Why the fear-spreading opponents of robotics, automation AI are today hiding under a rock? COVID-19 deficiencies tell you why. Let them stay under that rock.

My perception of time has warped considerably since the lock-down… if feels like two decades, but it was a little more than two years ago when Elon Musk came out with his umpteenth warning against AI and Robots, according to him (and some other misinformed ones) the most probable cause of our impending Armageddon.
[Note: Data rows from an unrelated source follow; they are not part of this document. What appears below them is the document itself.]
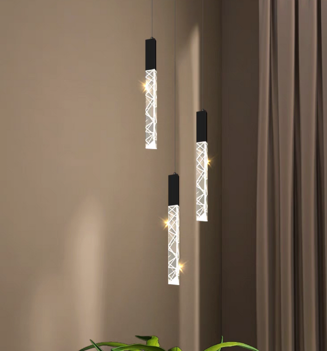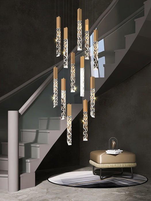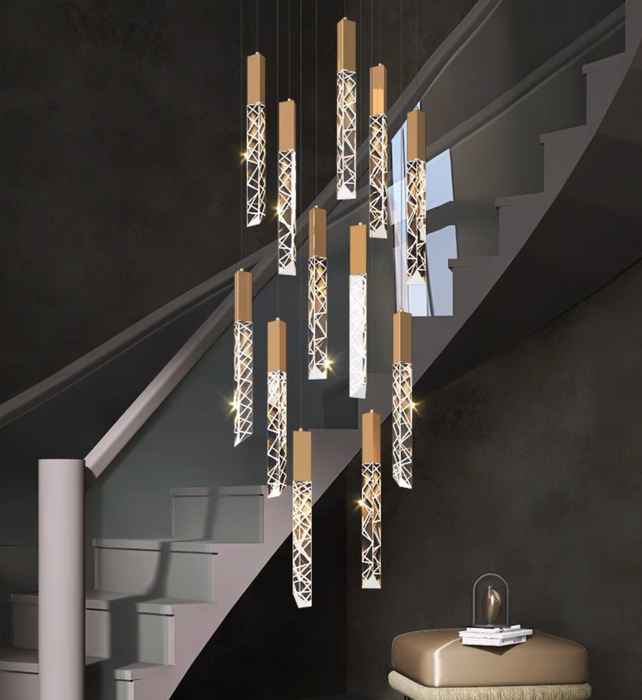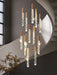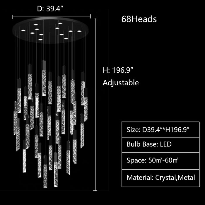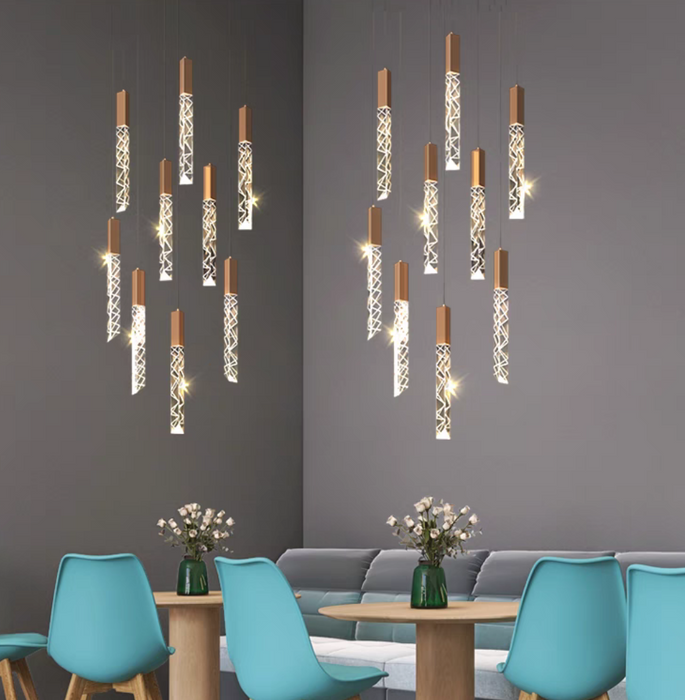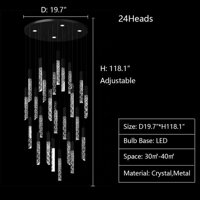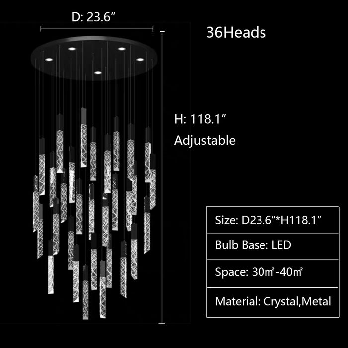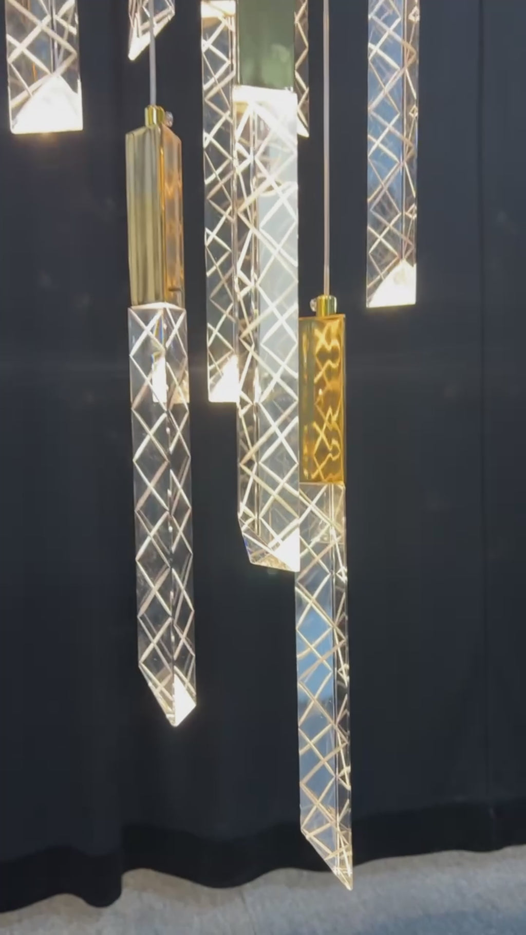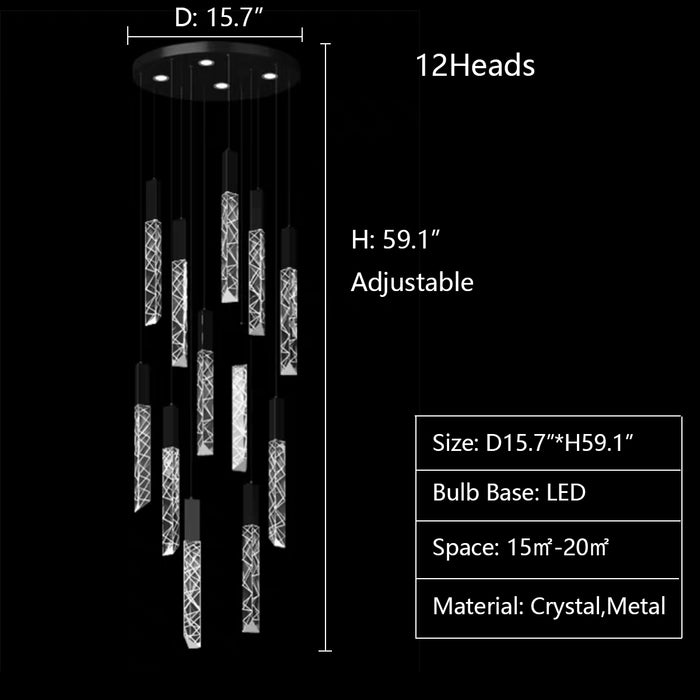 Questo lungo lampadario è realizzato in cristallo e metallo di alta qualità, con filo metallico regolabile intrecciato con aste di cristallo pendenti e luce sfalsata, che rende lo spazio pieno di fascino artistico e interpreta il lusso della luce. Sei libero di mescolare e abbinare in base alle esigenze di illuminazione della tua stanza, due o tre insieme, appese accanto al tuo letto come illuminazione notturna o più di una per formare una luce per le scale. È una buona scelta sia come dispositivo di illuminazione che come pezzo decorativo.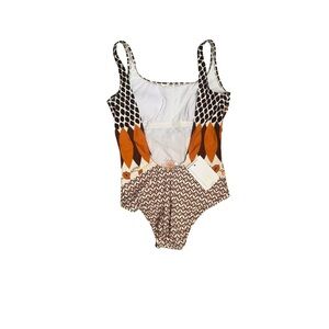 This chic swimwear features a striking black and orange design, perfect for fun days at the pool or beach.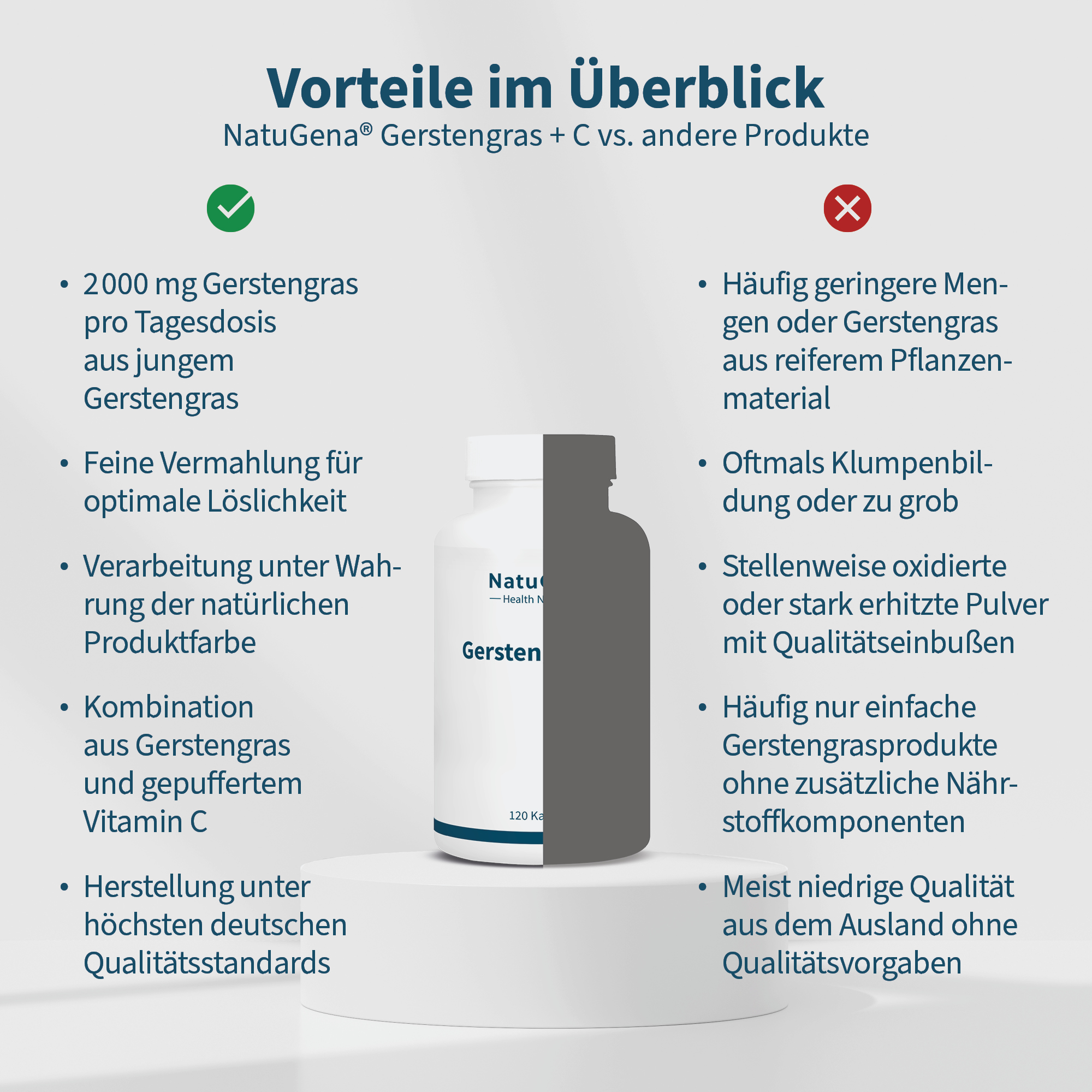 NatuGena Gerstengras + C liefert 2000 mg Gerstengraspulver pro Tagesdosis.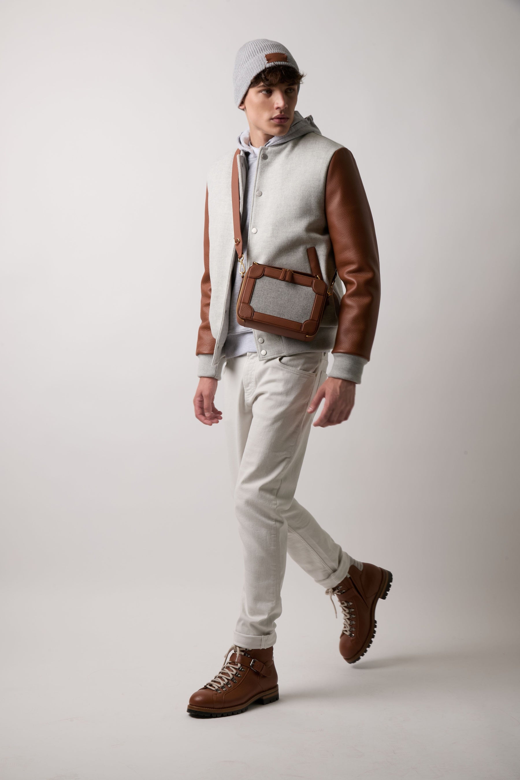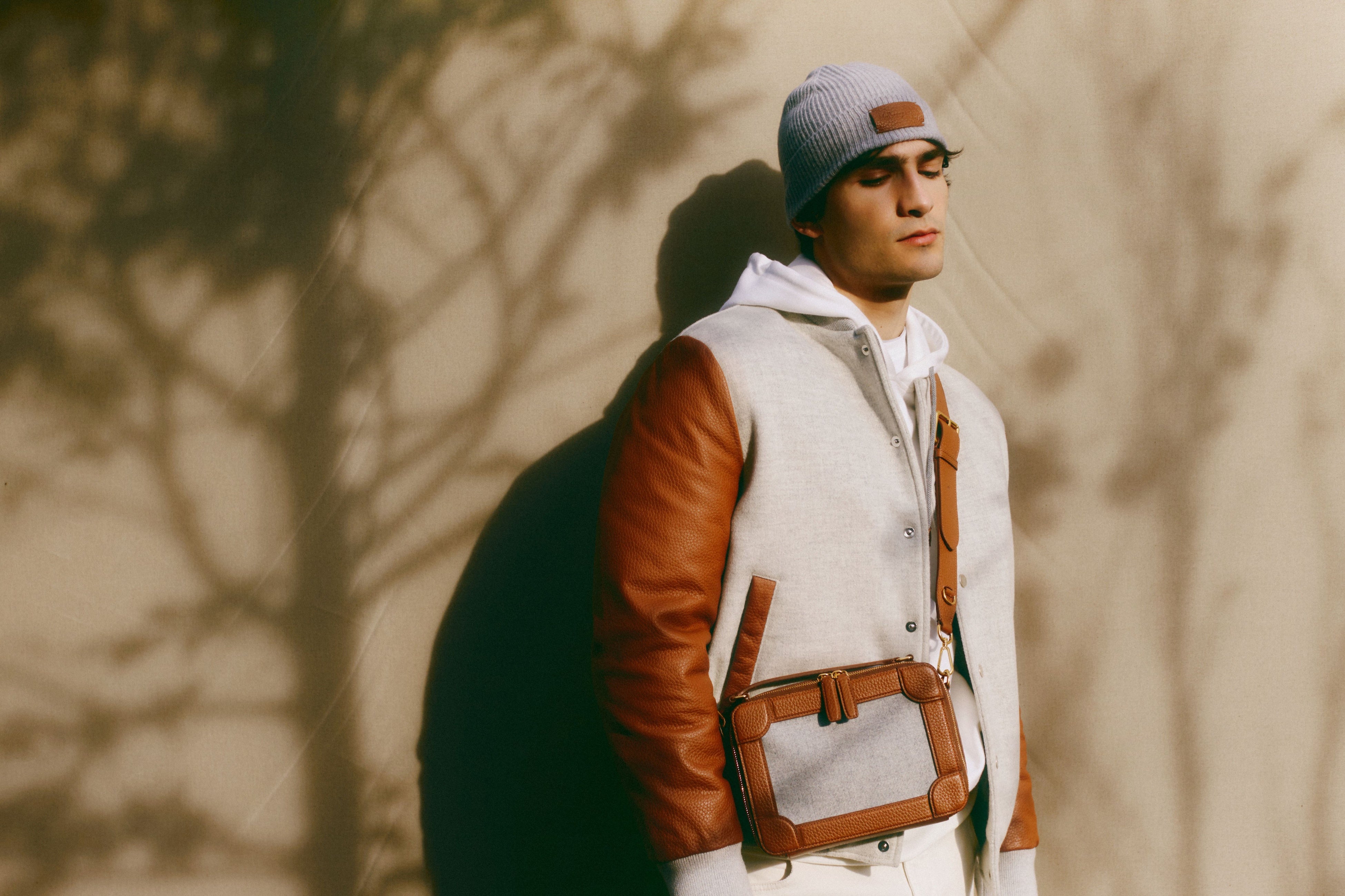 ブルゾン297,000円、パーカー83,600円 ニットキャップ27,500円 *バッグのお取り扱いはマルベリー各店

In September 2017, it was finally too much for me, and, sharing my sentiment with many other real AI scientists and entrepreneurs, I gave an interview on CNBC explaining why this was just plain wrong and misleading.

Invariably, warnings were coming from people who weren’t competent in AI: if they were, they would have realized that building Skynet by mistake was as likely as for my 3-years-old to accidentally build a functioning Space Station out of Legos.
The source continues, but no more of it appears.